(Saved entries)
↓↓↓

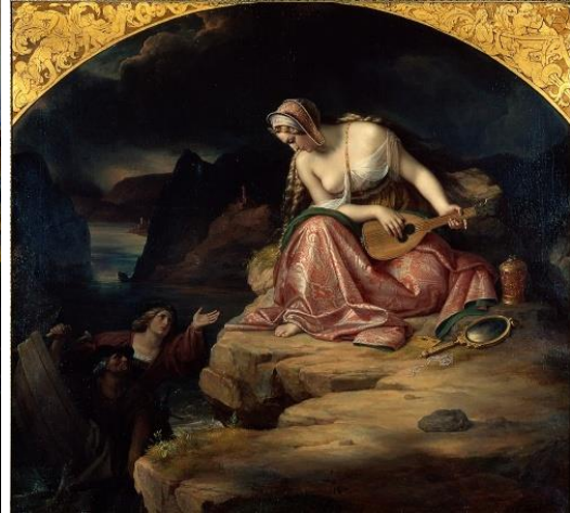
Nguồn: Lorelei, Gemälde von Carl Joseph Begas (1835)

So sánh với các giai thoại khác trên thế giới, liên quan đến tiếng hát, anh Trương Chi Việt Nam là người nhân hậu, không hãm hại bất cứ ai. Khác với sử thi Odyssey, đất Hy Lạp gần 3000 năm trước, Homer đã đề cập đến tiếng hát quyến rũ của các nàng tiên cá, với giọng hát du dương, quyến rũ bao nhiêu thủy thủ xa nhà, cô đơn giữa biển cả bao la, mất phương hướng, tàu bè đụng phải đá ngầm, mất mạng trên hoang đảo hay chìm sâu dưới đáy biển. Cũng theo khuôn mẫu hiểm nghèo đến từ phụ nữ, nước Đức có huyền thoại tương tự, có nàng Lorelei ngồi trên mỏm đá, bên bờ sông Rhein, xỏa tóc bờ vai, cất tiếng hát nồng nàn, động lòng bao chàng trai nhẹ dạ, chẳng khác chi mấy con thiêu thân, lái thuyền bè đâm sầm vào vách núi. Nước thánh.
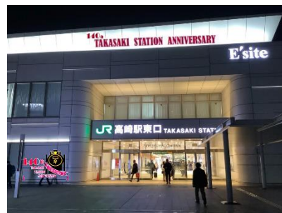
東口メインエントランス
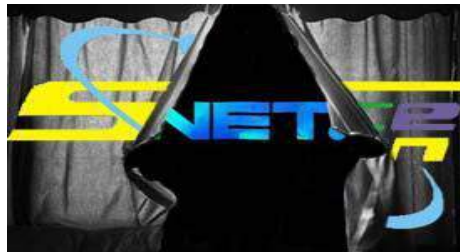
Gambar I

Dilihat dari segi komunikasi pemasaran langkah manajemen Net TV menyisipkan logo Net TV satu bulan menjelang siaran perdananya merupakan langkah awal dalam memperkenalkan Net TV ke khalayak. Perbedaan segmen, target dan posisi Net dengan Spacetoan membuat Net TV harus lebih agresif memperkenalkan Net TV. Upaya terus memperkenalkan Net TV secara konsisten dan masif kepada khalayak terus dilakukan oleh manajemen Net TV, hal ini dapat dilihat dari jumlah kota yang dapat menikmati tayangan Net TV yang terus bertambah menjadi 188 kota di seluruh Indonesia, dari yang sebelumnya hanya di Jakarta, Surabaya, Bandung dan Medan.
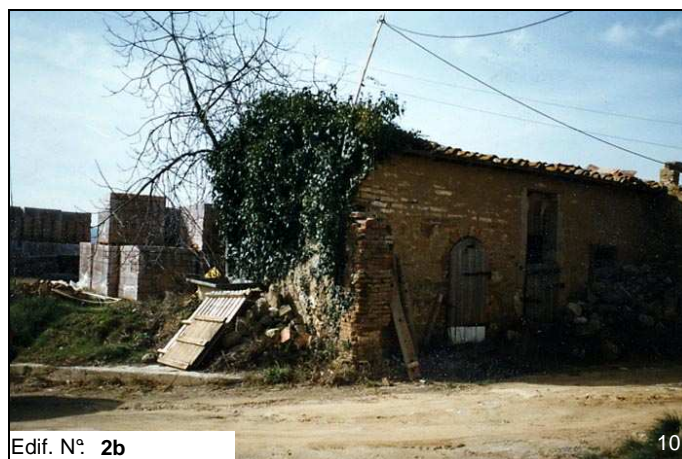
Edif. N° 2b
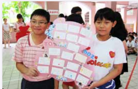
畢業前夕，畢業生與在校生互道珍重
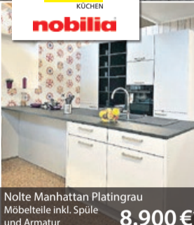
Nolte Manhattan Platingrau Möbelteile inkl. Spüle und Armatur 8.900 €
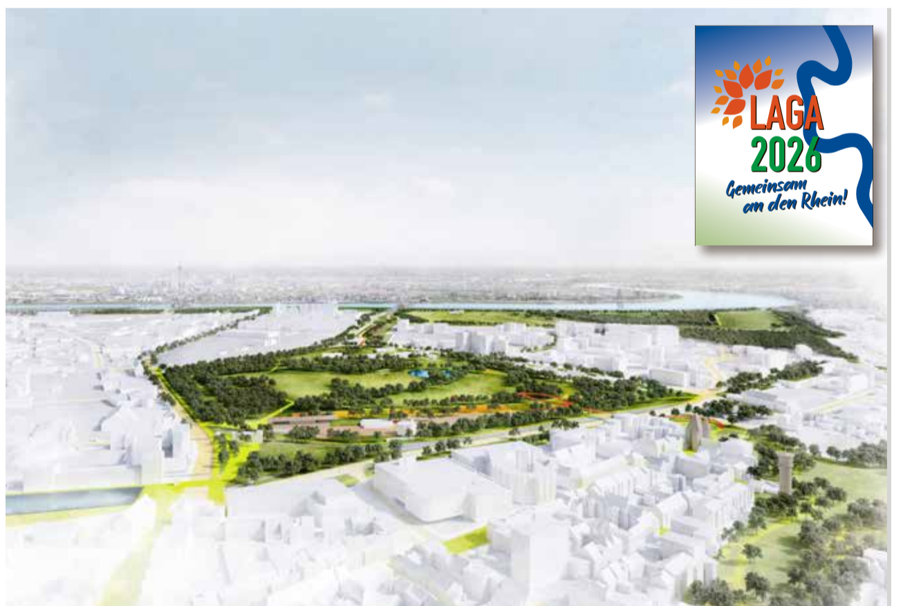
Das geplante Gelände der Landesgartenschau mit dem Rennbahnpark, der zu einem Bürgerpark werden soll.

Der „Unterstützerverein“ wurde bei der Kick-off-Veranstaltung am 18.9.
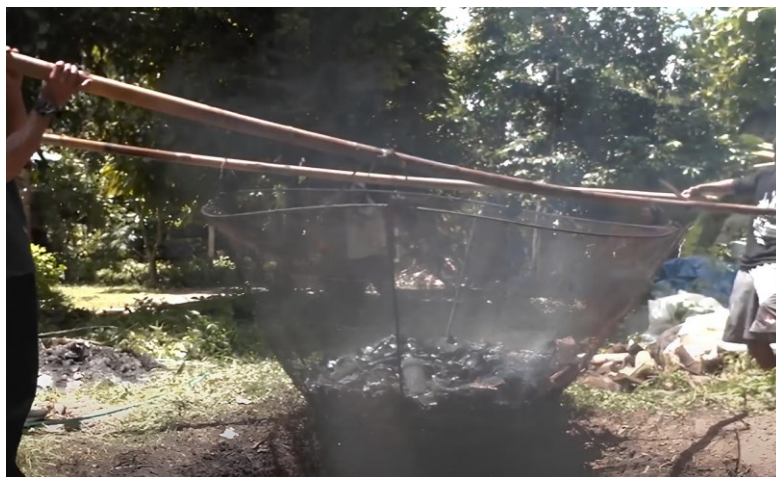
Figur 2. Pirolisis Biochar dari Limbah Pertanian

Pembuatan biochar dari limbah pertanian ini menggunakan kayu yang sudah tidak dipakai, daun, dan kulit buah yang dibakar dengan oksigen yang terbatas di lubang lalu ditutupi setelah sudah menjadi arang diangkat. Prosesnya diperlihatkan pada Figur 1 berikut:
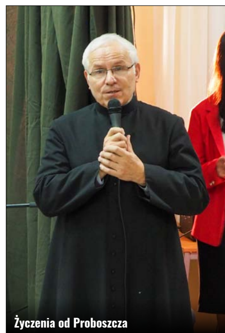
Życzenia od Proboszcza

przełamali się na znak pokoju. Ostatni akcent spotkania należał do Koła Gospodyń Wiejskich w Bortatyczach, które specjalnie na ten wieczór zapełniło stoły świątecznymi przekąskami. Swoją znaczący wkład w organizację tego wydarzenia miało również Stowarzyszenie Kobiet na rzecz promocji i rozwoju środowisk lokalnych 28+, skupiające członkinie wszystkich Kół Gospodyń Wiejskich z terenu Gminy Zamość. GOK: KS i JK
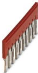
Zástrčný můstek, rozteč: 8,2 mm, šířka: 80,3 mm, počet pólů: 10, barva: červená

Upozorňujeme, že zde uvedené údaje pocházejí z online katalogu. Úplné informace a údaje naleznete v uživatelské dokumentaci. Platí všeobecné podmínky použití pro stahování z internetu. ( http://phoenixcontact.de/download )
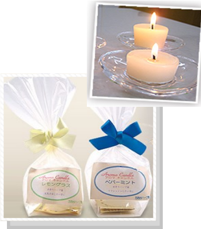
1袋 309円(内税) キャンドルのみの販売です。

E-mail: kappa@kappa.or.jp Tel: 087-882-4022
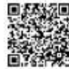
▲マイナンバーカード 方式ログイン画面は こちらから
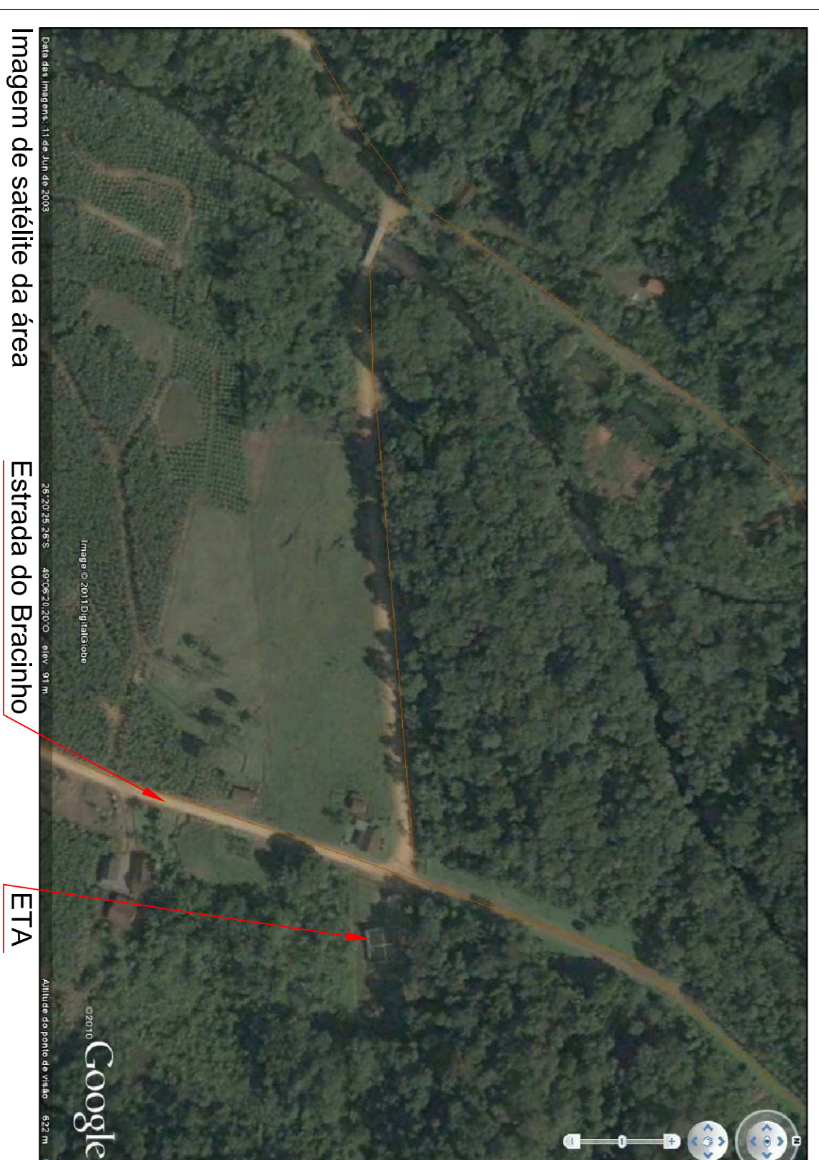
Imagem de satélite da área
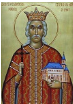
Άγιος Στέφανος ο μέγας, βοεβόδας της Μολδαβίας
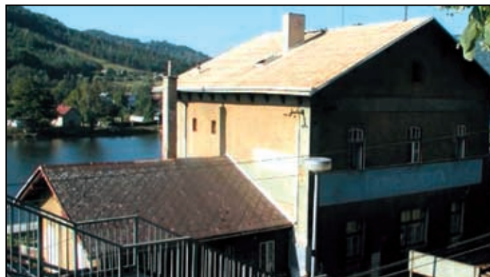
Nádražní budova před rekonstrukcí v roce 2004
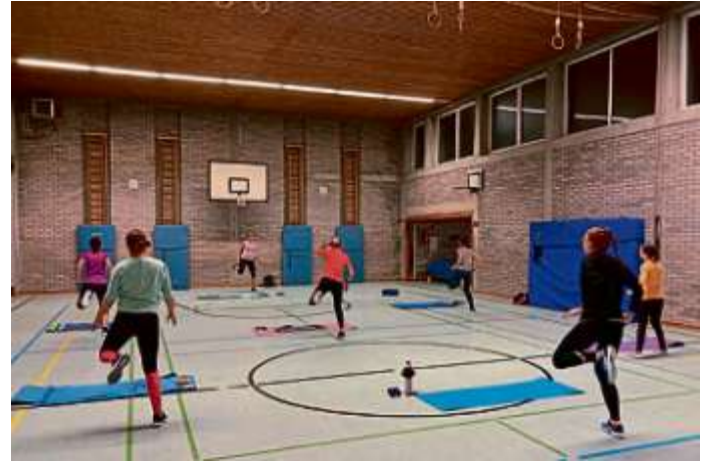
Teilnehmer der Bauch-Beine-Po-Stunde in der Donauefeldhalle
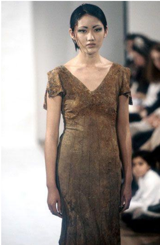
Sl.2. Hussein Chalayan, "The Tangent Flows", 1994

Modni dizajneri počeli su raditi kolekcije koje nisu bile nosive, dok im revije nisu izgledale kao revije već kao modni show. Revije Husseina Chalayana su izgledale upravo tako. 1994. godine Hussein Chalayan je imao reviju na kojoj je odjeća bila praćena tekstom koji govori o nastanku kolekcije. Govori o tome kako je neko vrijeme bila zakopana u zemlji prije nego li je prikazana javnosti na modnoj pisti. Chalayan je, s pravom, govorio kako bi njegove kreacije bolje odgovarale zidu neke galerije nego ljudskom tijelu.
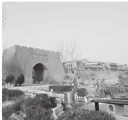
カシュガル古城の入口 テーマパーク化された旧市街
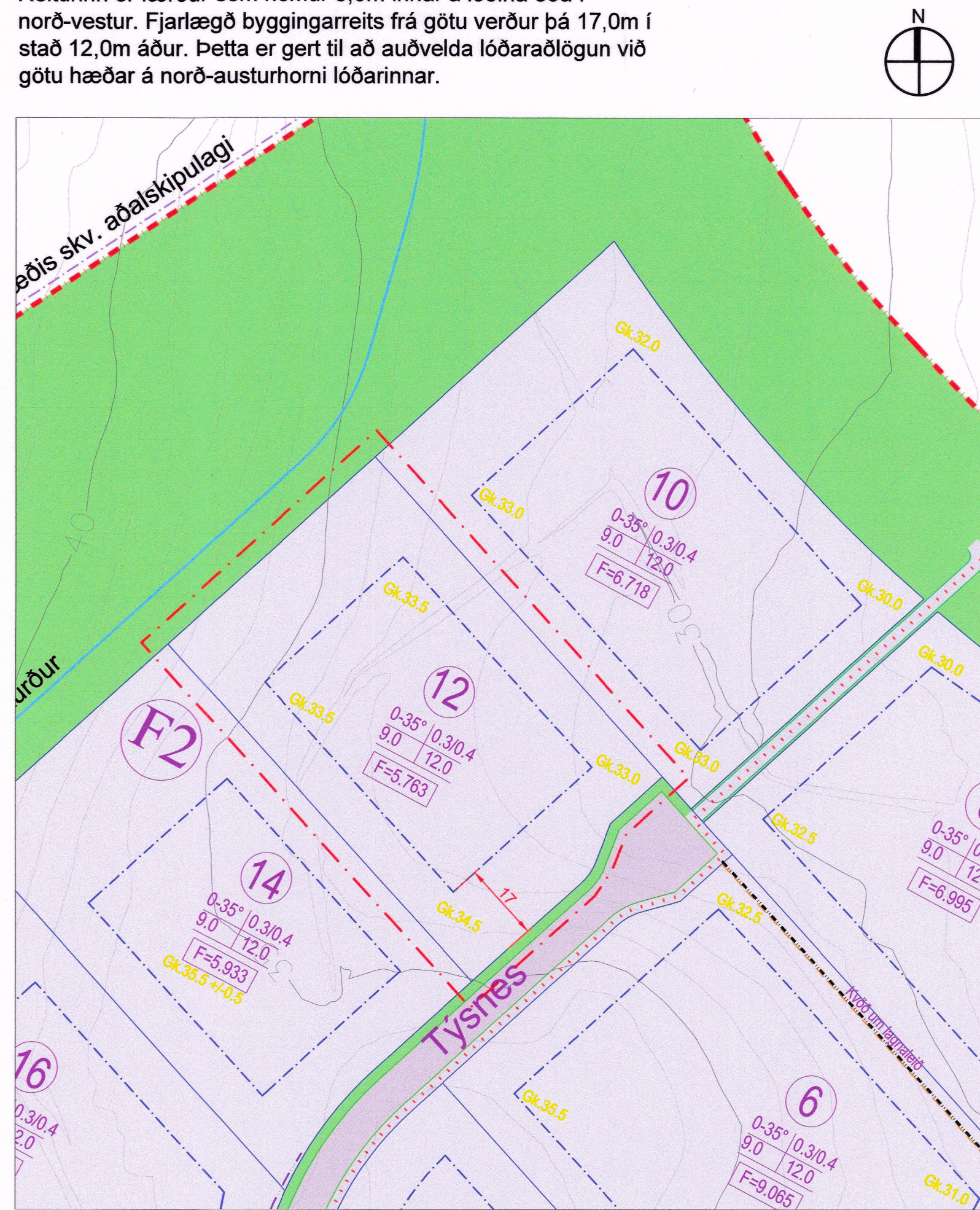
Breyttur byggingarreitur lóðar nr. 12
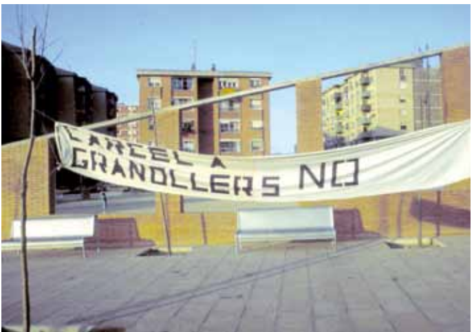
Protesta en contra de la presó de Quatre Camins a la plaça de Can Bassa, anys 80.

A finals de 1983, es decideix construir la presó de Quatre Camins. L'Associació de Veïns de Can Bassa acorda crear, juntament amb associacions de Palou i Sant Miquel, una comissió antipresó. Es reuneixen per parlar de com evitar-ne la construcció, ja que es creu que el projecte afectarà negativament els barris propers a la presó, al Centre Montserrat Montero i a tot Granollers en general. Finalment, la presó es va inaugurar el juliol de 1989.
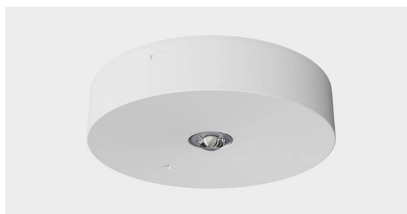
Rysunek 2.2.1. Oprawa oświetlenia awaryjnego I
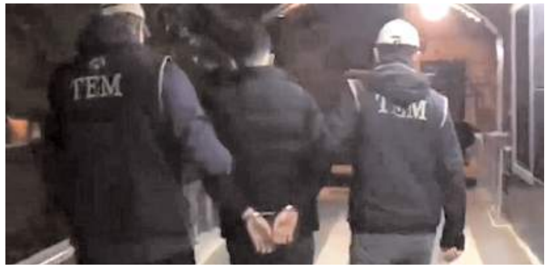
"Gürz-34" operasyonlarında 536 şüpheli örgüt üyesi yakalandı.

Polis ekipleri kazayla ilgili inceleme başlattı.
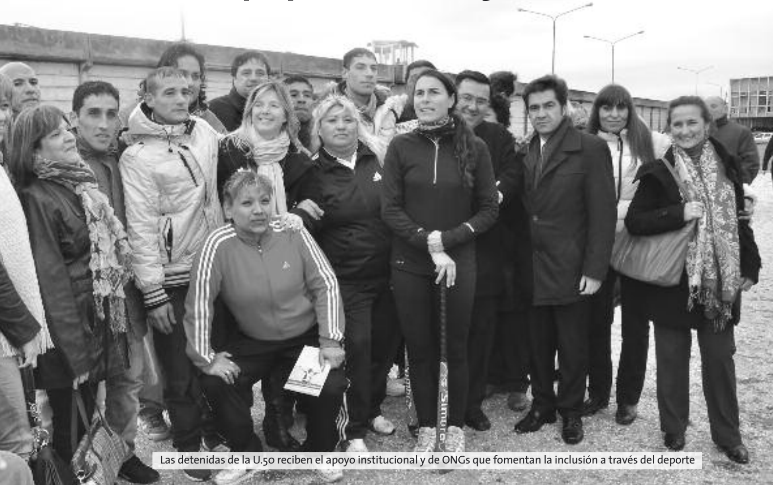
Las detenidas de la U.50 reciben el apoyo institucional y de ONGs que fomentan la inclusión a través del deporte

La ministra de Gobierno bonaerense y presidenta del Consejo Provincial de las Mujeres, Cristina Álvarez Rodríguez , encabezó el viernes 13 de septiembre pasado un evento de integración a través del deporte, en el marco del Foro Internacional sobre los Derechos de las Mujeres, el que se llevó a cabo en la Unidad 50 Batán.
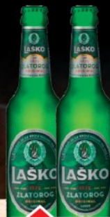
PIVO LAŠKO 0,5L RGB
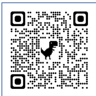
自宅療養証明書 発行申請書

140-8715 品川区広町 2-1-36 品川区保健所保健予防課 感染症対策係 療養証明書担当 宛
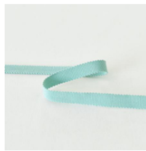
486(スモークグリーン)

↑↑↑

Exactly the lines above, from the one containing "Rysunek 2.2.1. Oprawa" down to the one containing "Las detenidas de", are to be repeated, including both ends. Pictures are not part of the copy.

Rysunek 2.2.1. Oprawa oświetlenia awaryjnego I
"Gürz-34" operasyonlarında 536 şüpheli örgüt üyesi yakalandı.

Polis ekipleri kazayla ilgili inceleme başlattı.
Las detenidas de la U.50 reciben el apoyo institucional y de ONGs que fomentan la inclusión a través del deporte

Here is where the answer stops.